Let’s say you have some data on a company that shows their revenue and marketing spend. You might want to see if there’s a relationship between the marketing spend and specific demographics (like specific stores.) In other words, “what stores are worth putting marketing dollars towards?”
Tableau (Revenue and Marketing Spend)
I grabbed some data sets over at SuperDataScience.com (incidentally they have some amazing courses on data science there, and this topic I learned from one of their courses.)
In the chart to the left, I’ve added the SUM of Marketing Spent vs. the SUM of Revenue.
Now, this only produces one measly datapoint. We’ll fix that.
Digging out the Details
Dragging over an element like “city” or “store id” from the dataset onto the “Details” in the Mark elements will produce a breakdown of revenue vs. marketing expenditures.
There’s some very clear that some stores (or cities, if you used cities) are not responsive to marketing spent. In other words, spending more money on marketing in those cities/stores will not increase revenue.

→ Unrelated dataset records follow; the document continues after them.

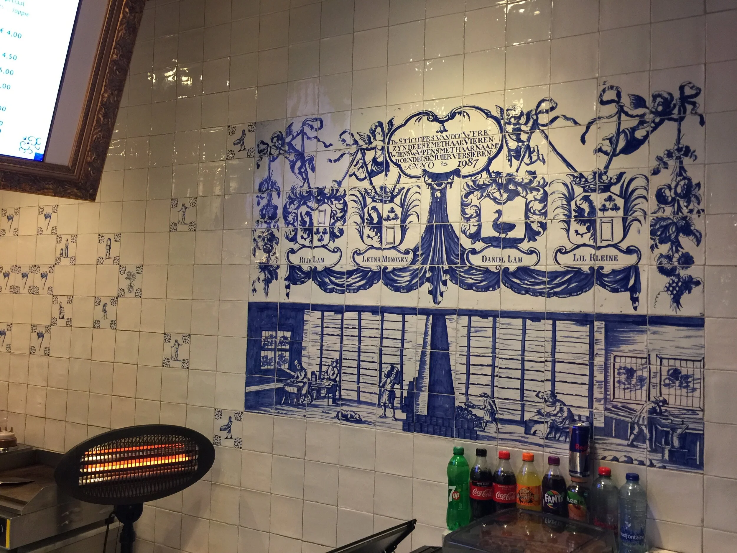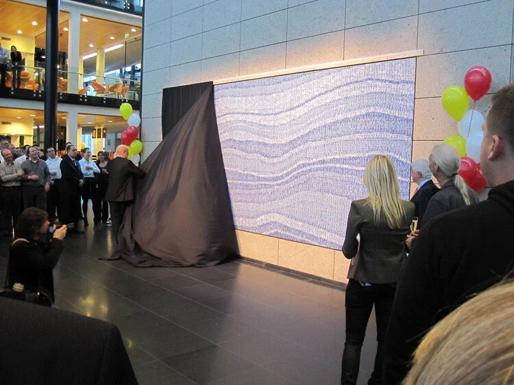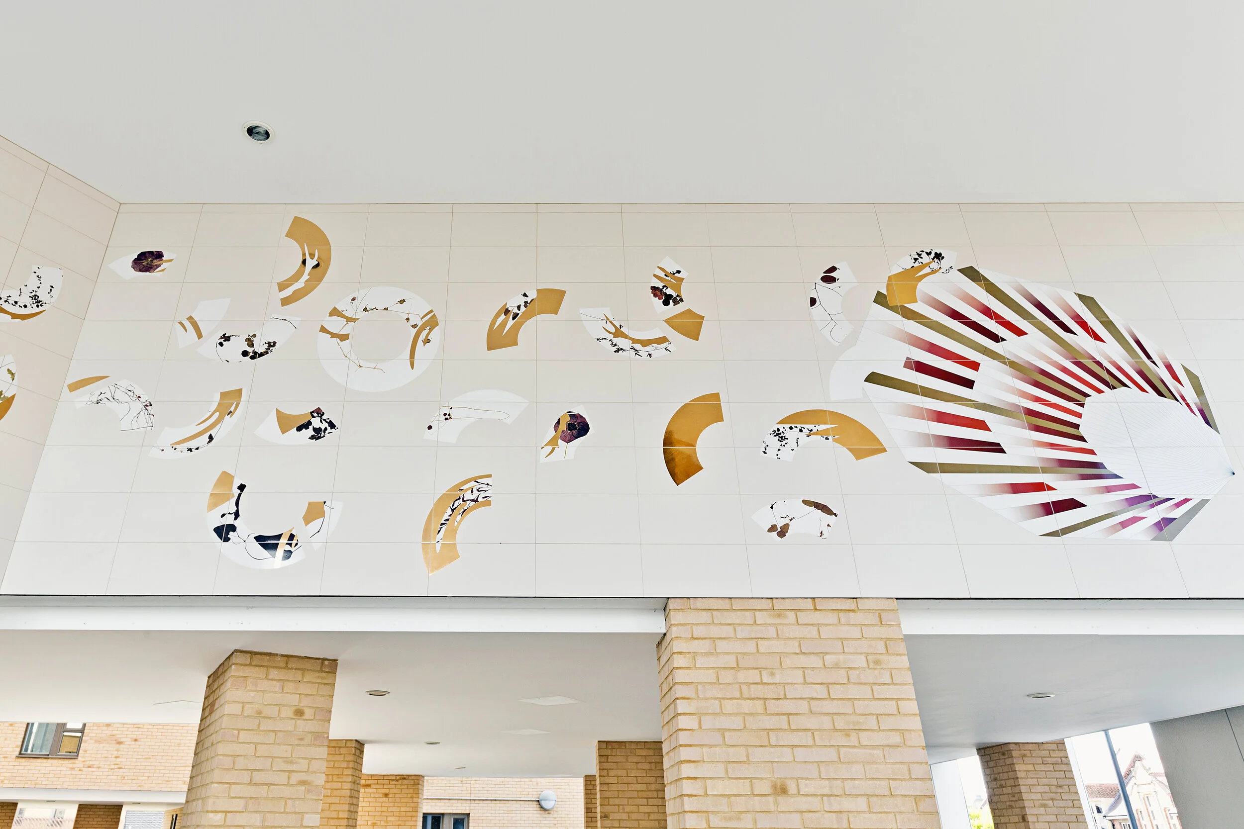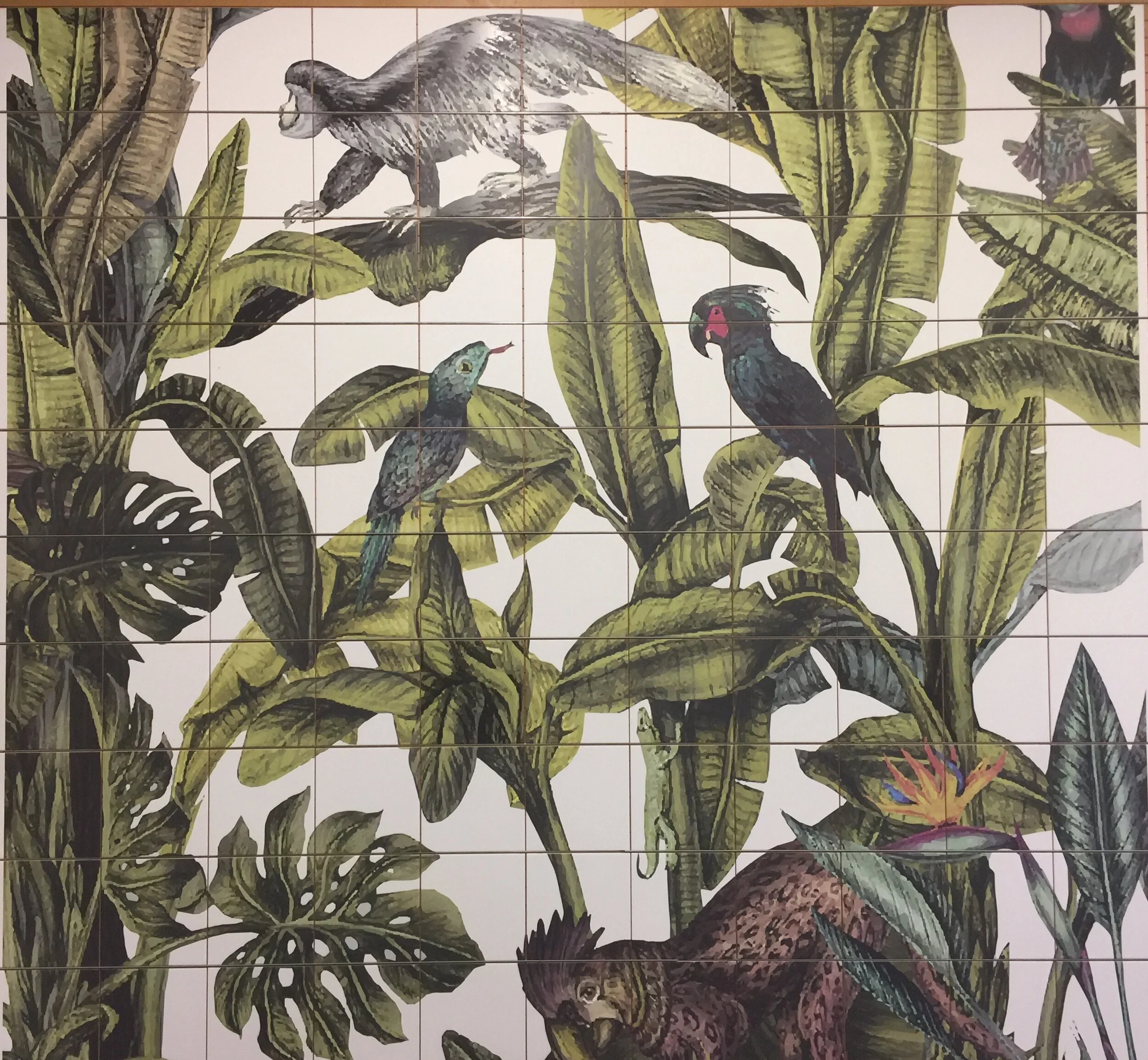 Entrance hall tile panel designed by Steven Schuurman. He photographs buildings, children, flowers and landscapes. He creates digital 3D fractals and objects . He combines these image elementsinto colorful dreamlike landscapes.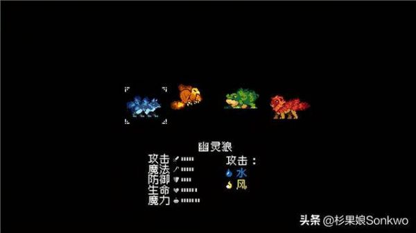 首先游戏的开局就有着宝可梦的影子,玩家需从幽灵狼、幽灵鹰、幽灵蟾、幽灵狮四个主角魔物中选择其一作为自己的第一只魔物,并在它的陪伴下开启自己的冒险。纯黑背景搭配四只形态各异魔物的画面,让人不禁回想起了曾经真新镇的小智在大木博士研究所挑选宝可梦的一幕。另外还有魔物日志的存在可以帮助玩家记录所遇到的每一只魔物的各项信息、属性,以及背景故事设定等,是不是也有一股浓厚的精灵图鉴的味道?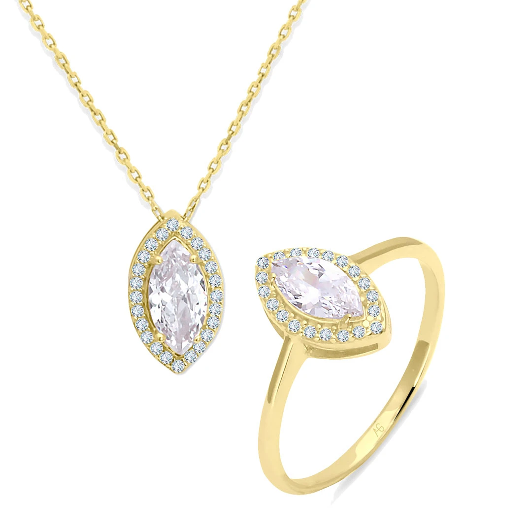 Günlük kullanıma uygun her sezonun modası markiz taşlı tasarımı ile her zaman boynunuzda kolyesiyle kombin olarak takacağınız minimal şık yüzüğüyle size çok yakışacak 14 ayar 4.05 gr ağırlığında altın ikili takım. *Ürünlerimiz faturalıdır güvenle satın alabilirsiniz, özel hediye kutusunda ücretsiz kargo ile gönderilecektir.
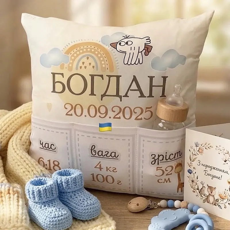 - Іменна подушка з кишенями та метрикою. Цей подарунок я створила для ваших маленьких сонечок. Я друкую на подушці метрику дитини, крою шию подушку із кишенями. Ви зможете наповнити кишені на свій розсуд, що забажаєте. Я додам ще листівку в такому ж дизайні як подушка.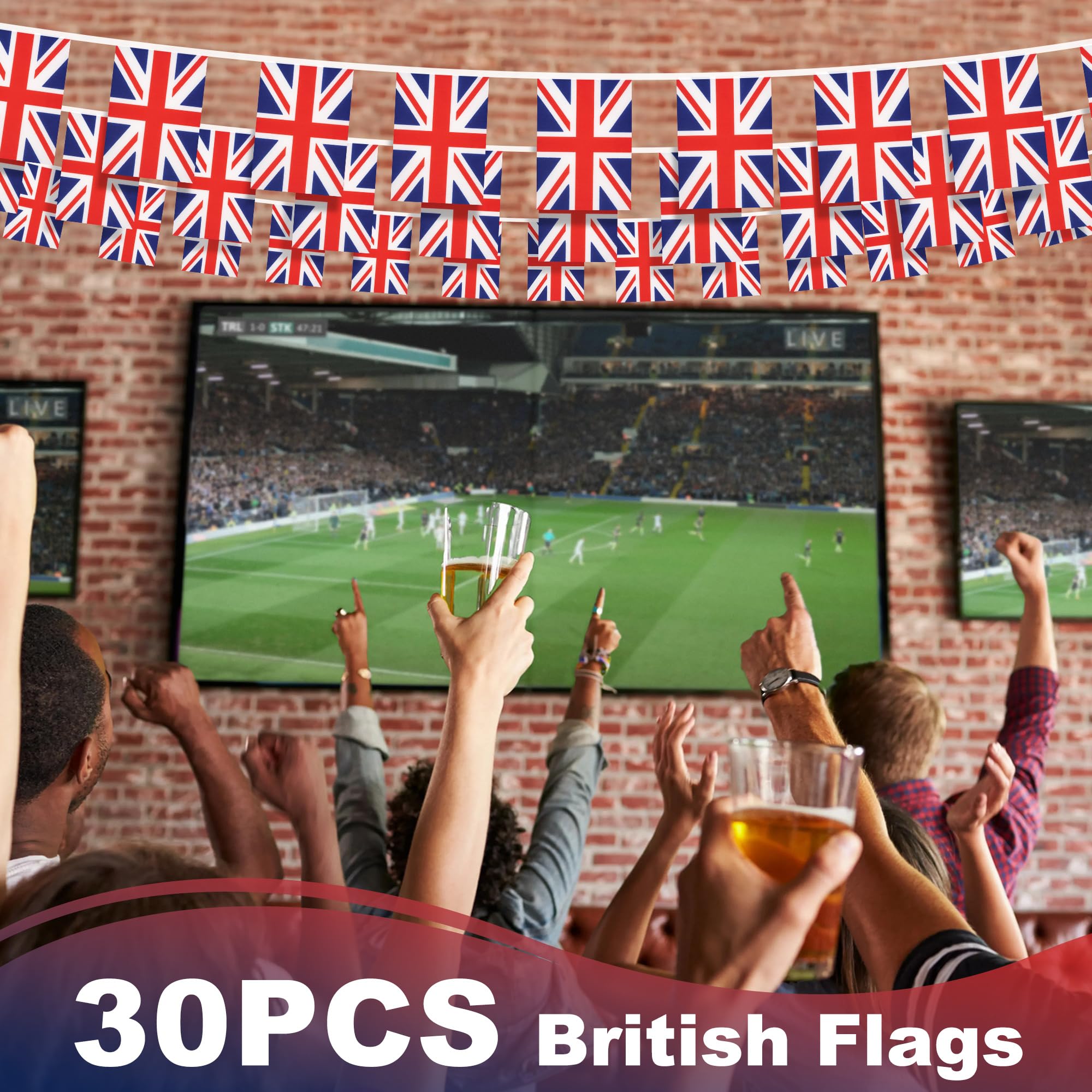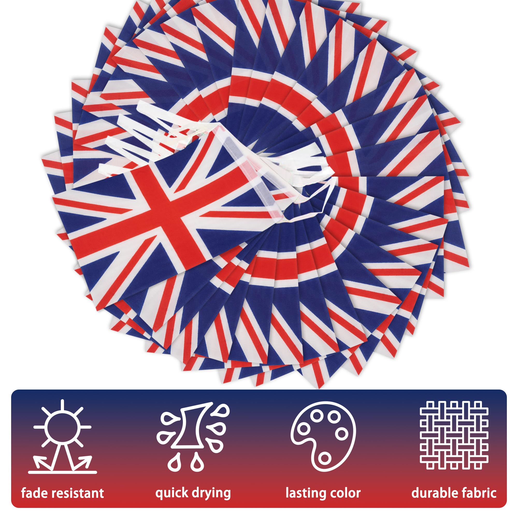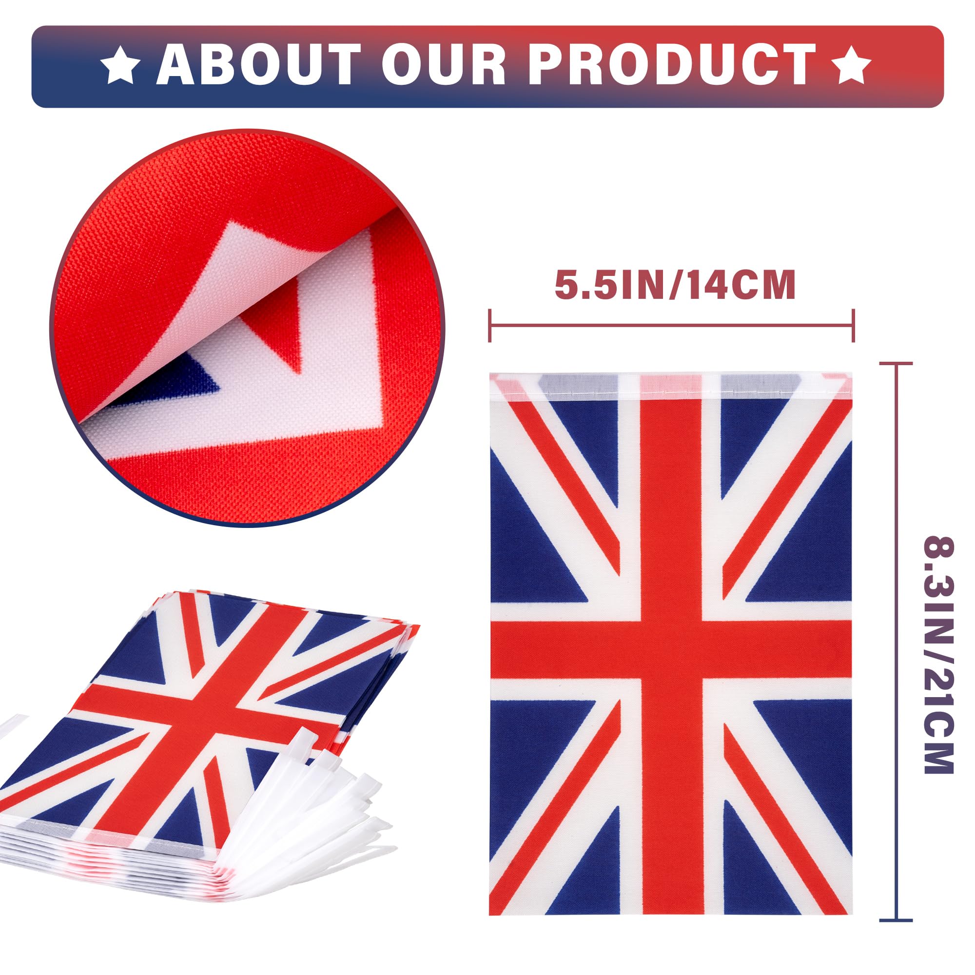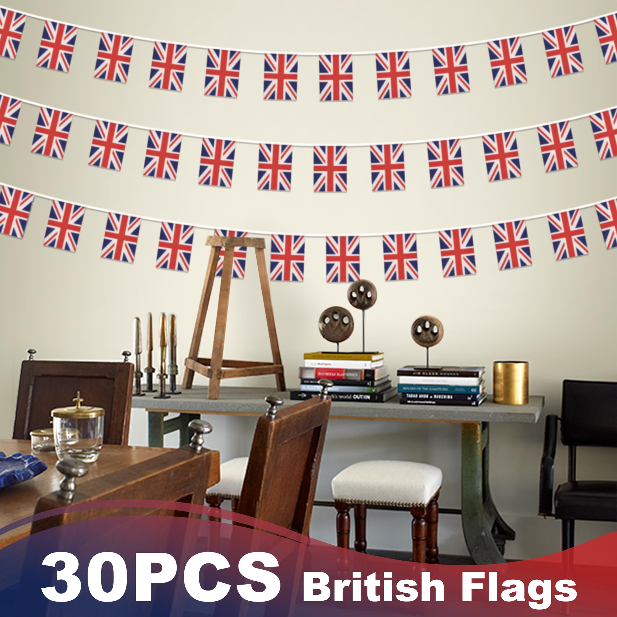 【Specifications】Each string is approximately 33 feet long. Includes 30 pcs UK British flags. Each flag is approximately 5.5 in wide and 8.2 in long.

From Wikipedia, the definition of k-means clustering is:
k–means clustering aims to partition n observations into k clusters in which each observation belongs to the cluster with the nearest mean, serving as a prototype of the cluster – Wikipedia
By clustering, we will identify cluster groups for further analytics. How this is done in Tableau, is by doing the following:
On the left side of the Tableau worksheet, is a tab called “Analytics.” Clicking that reveals various statistical analysis elements we can utilize. In the Model sub-category, there is one called “Cluster.” This will use the k-means algorithm to create cluster groups.
Simply drag “Cluster” onto your figure and it will be applied.
Once applied the figure will update. Clusters will be formed using the computational algorithm (k-means) as described above.
Below is an example of the result of applying clustering to this sample data of Marketing Spend vs. Revenue:
Automatically the clustering has color-coded the clusters (orange and blue.) We also get a popup when the “cluster” is dragged onto the figure. The popup is notifying us of what attributes are used as variables in this calculation (Sum of Marketing Spend and Sum of Revenue.)
If you want to get deeper analysis (such as the statistical details), right-click the “cluster” model in the “Mark” section.
From there choose, “Describe Clusters.” A popup will appear (as seen below) with the relevant information (this can be copied to clipboard for adding into reports, etc.)
Tightening Things Up
I modified the colors of the groups a bit (green for those stores/cities that marketing dollars directly boosts revenue and red for those stores/cities that doesn’t increase revenue at all.)
Another change to the final figure, was that of adding a Highlighter. In the example below, I added a highlighter based on State data. Now, in the highlighter dropdown, if you select a State like Georgia, it fades out all other data. This allows a deeper dive into the granular state-level dynamics of which cities/stores are profitable and those that aren’t.